When driving inductive loads such as solenoids, motors, or even the parasitic inductance of a long cable harness, turning off the switch does not immediately stop the current. Physics demands that the current continues to flow. If this energy has nowhere to go, it manifests as a massive voltage spike that forces the MOSFET into breakdown. Whether the device survives this event depends on its Avalanche Ruggedness.
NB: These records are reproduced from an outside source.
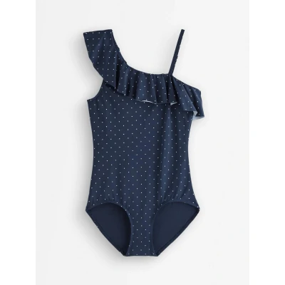 Lindex ONE Shoulder DOT Swimsuit navy Sale at Zalando UK | Outer fabric material: 27% elastane, 73% polyamide | Sale order at Zalando UK! Size: 7-8y. Color: Navy. Pattern: polka dot. Age group: Kids.
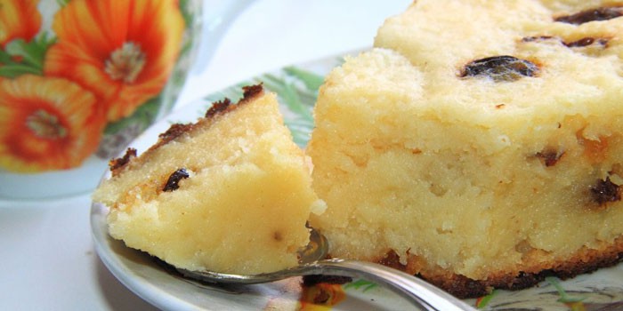Сирна запіканка з манкою і родзинками
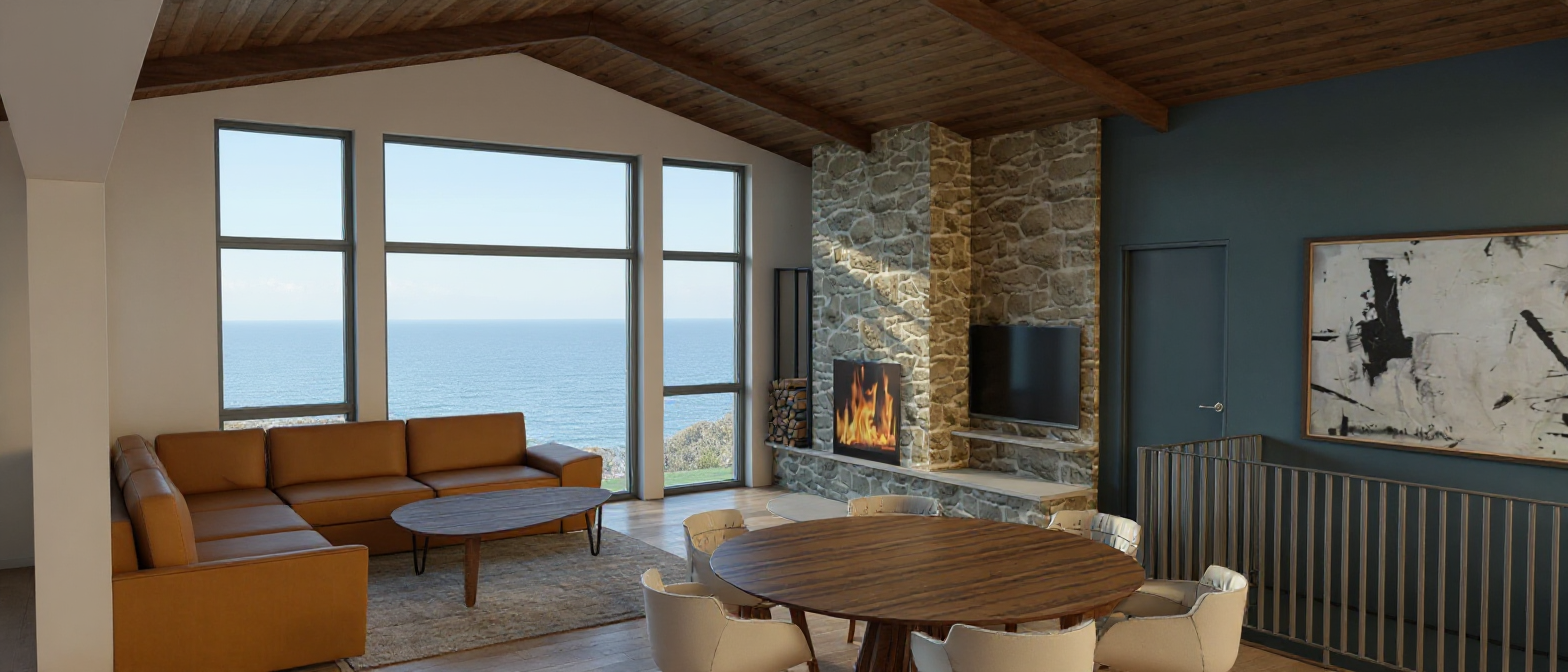 spot interni accesi linea gialla luce led accesa sulla destra il parapetto di vetro riflettente sulle pareti rispetta la foto esistente carta da parati nonostante le luci artificiali sono accese nella stanza giorno il sole delle 9 di mattina entra da sinistra con una angolazione verso la parete del tv il panorama esterno il mare i vetri degli infissi sono piu riflettenti piu luce solare il muretto sulla destra di vetro riflettente
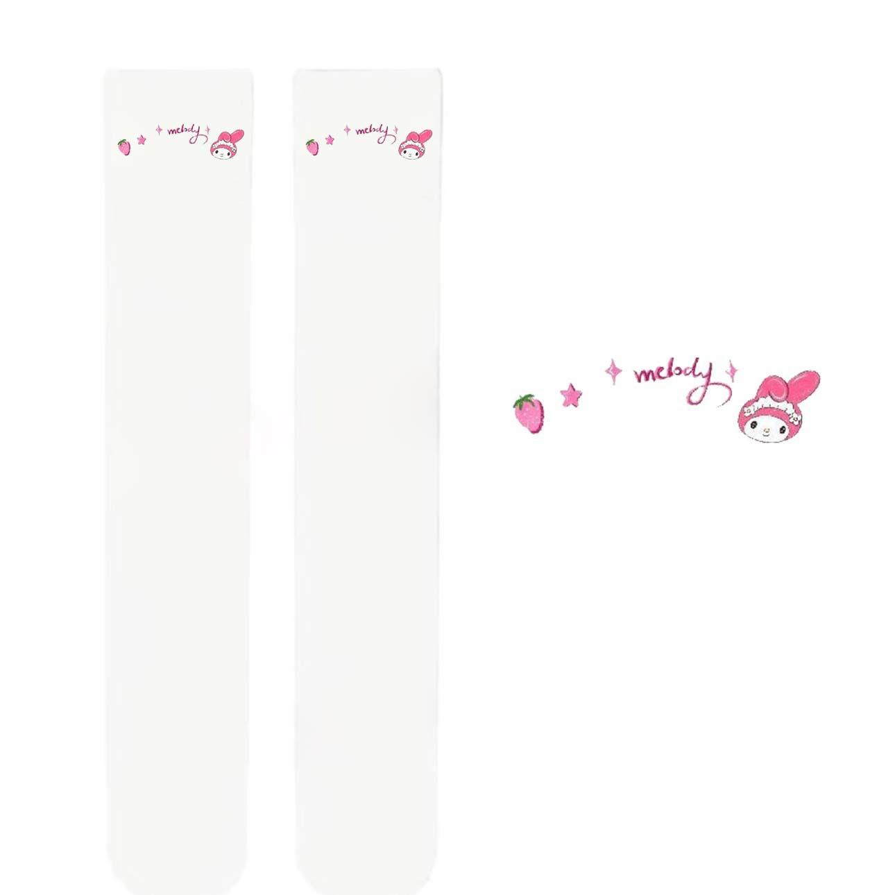 Calcetines Largos de Tubo de Conejo Lindo Sexy Blancos por Encima de la Rodilla Anime Bidimensional Terciopelo Estilo Japonés Estampados Hasta el Muslo
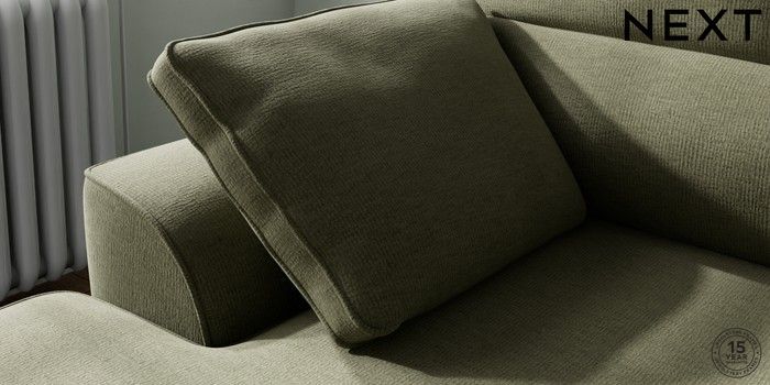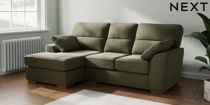7.2.10 Buy Stamford Highback Small Sofa Chaise - Left Hand Ripple Chenille Mid Moss Green Large Square Angle - Mid from the Next UK online shop Click here to use our accessible website
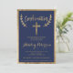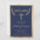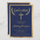 Faux gold foil typography elegant navy blue with gold cross confirmation with a geometric gold border. A modern baptism party invitation with this modern, simple, elegant and chic faux yellow gold brush hand lettering typography on a navy blue background. Perfect for simple, elegant and modern party. If you need any text changed and customised don't hesitate in contacting me!
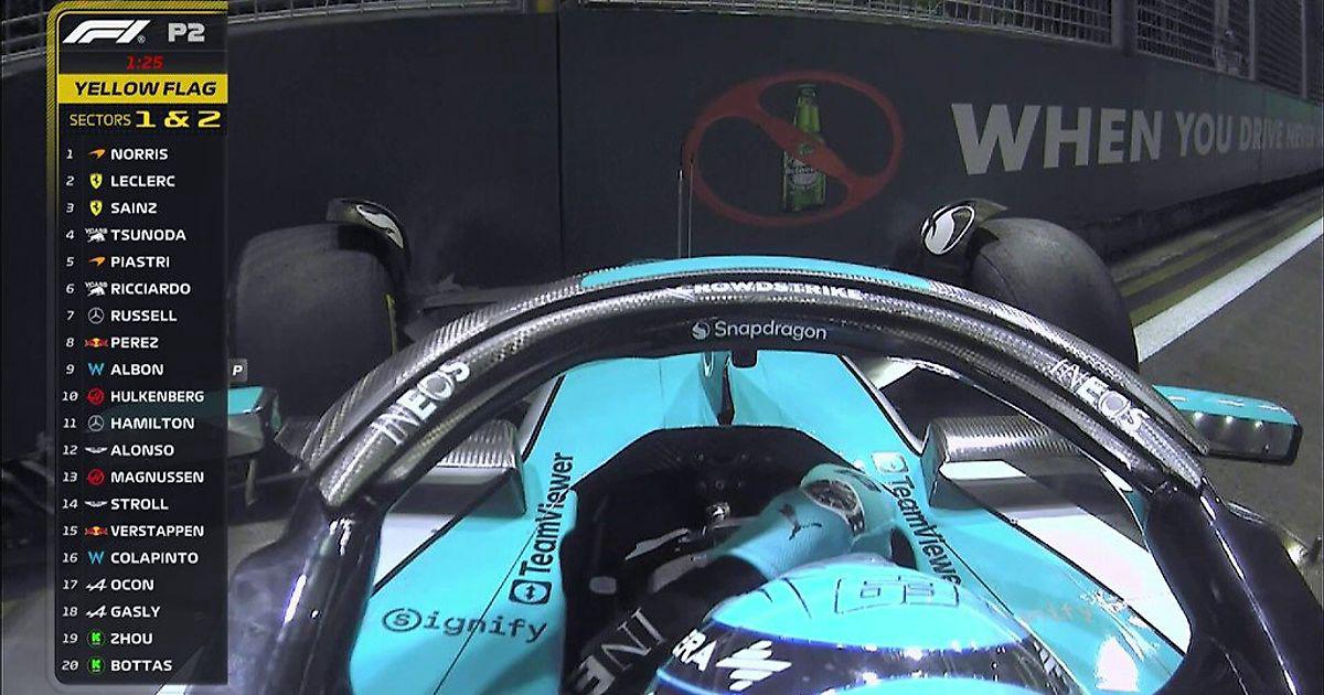 Расселл столкнулся со стеной во второй практике в Сингапуре .

This guide explores the physics of Unclamped Inductive Switching (UIS), decodes the Single Pulse Avalanche Energy (EAS) rating in datasheets, and explains why “ruggedness” is a critical selection criterion for reliability. For a broader understanding of MOSFET structure and general selection strategies, please first review our foundational article: Power MOSFET Deep Dive: The Engineer’s Guide to Selection, Losses, and Thermal Design.
1. The Physics of the Voltage Spike: What is Avalanche?
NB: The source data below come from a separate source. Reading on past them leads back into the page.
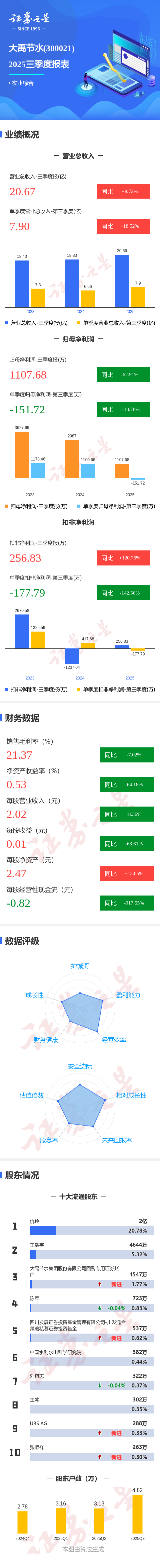 证券之星消息,大禹节水2025年三季报显示,公司主营收入20.67亿元,同比上升9.73%;归母净利润1107.68万元,同比下降62.92%;扣非净利润256.83万元,同比上升120.76%;其中2025年第三季度,公司单季度主营收入7.9亿元,同比上升18.52%;单季度归母净利润-151.72万元,同比下降113.78%;单季度扣非净利润-177.79万元,同比下降142.57%;负债率69.49%,投资收益127.42万元,财务费用6249.9万元,毛利率21.37%。
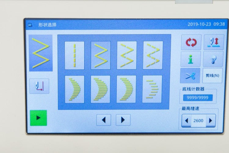 La macchina è dotata di un grande pannello tattile LCD e Le icone sul display sono intuitive e facili da capire. Fornita di una lista di pattern e di una memoria di pattern, l’utente può direttamente selezionare il motivo di cucitura desiderato dal pannello, senza dover modificare. Con il pulsante (in figura) che consente la conversione del punto conchiglia, quando si giunge all’angolo .
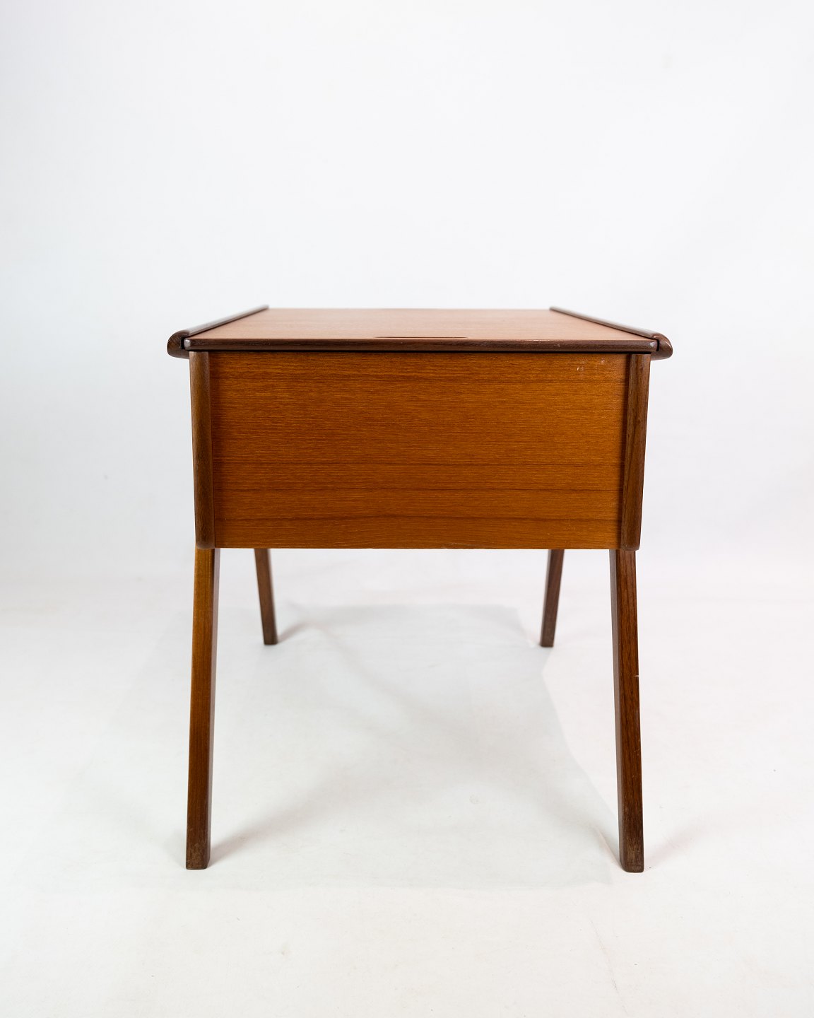 Teaktræet er kendt for sin varme farve og naturlige skønhed, hvilket gør det til et populært materiale i dansk møbeldesign i 1960'erne. Sybordet vil sandsynligvis have en dejlig glød og et karakteristisk mønster i træet, der tilføjer en varm og indbydende atmosfære til ethvert rum.
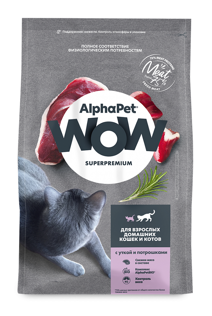 Сухой корм Альфа Пет WOW для взрослых домашних кошек c Уткой и потрошками 750г информация:
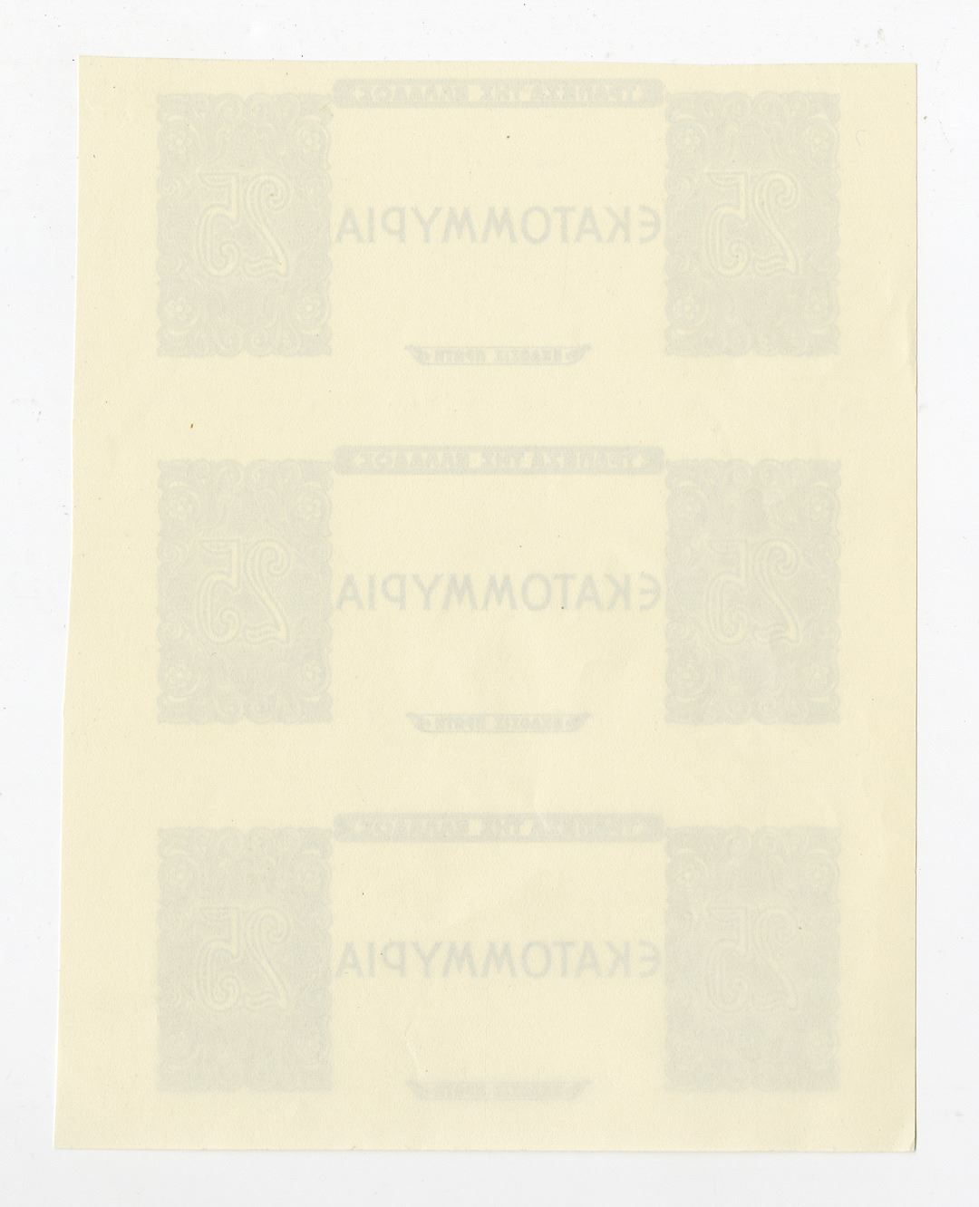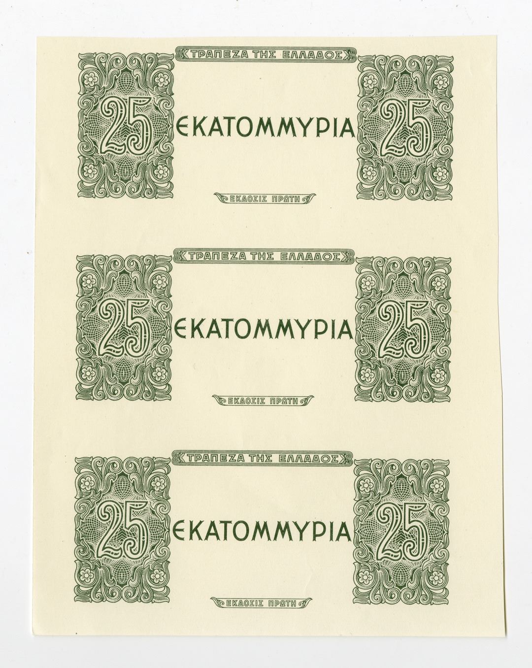 Greece. 1944 Inflation Issue, 25,000,000 Drachmai, P-130 Unlisted progress proof back, uncut sheet of 3 notes, no underprint, Uncirculated. Greek local printer.

To understand avalanche ratings, we must first understand the enemy: Inductive Kickback (or Flyback).
The Inductive Law
An inductor stores energy in its magnetic field. The fundamental law of inductance is that current cannot change instantaneously. When a MOSFET turns off an inductive load, the current path is broken. The inductor fights this change by reversing its polarity and generating a high voltage spike in an attempt to keep the current flowing.
The voltage generated is defined by:
V = -L × (di/dt)
If there is no external “freewheeling” diode to clamp this voltage, the voltage across the MOSFET (Drain-Source voltage, VDS) rises rapidly. It will rise until it exceeds the MOSFET’s breakdown voltage (BVDSS). At this point, the MOSFET’s internal PN junction breaks down and begins to conduct current in reverse bias, acting exactly like a Zener diode.
The “Avalanche” Mode
This state is called “Avalanche.” During this event, the MOSFET is conducting the full inductor current while sustaining a voltage higher than its rated breakdown voltage. This results in massive instantaneous power dissipation within the silicon die.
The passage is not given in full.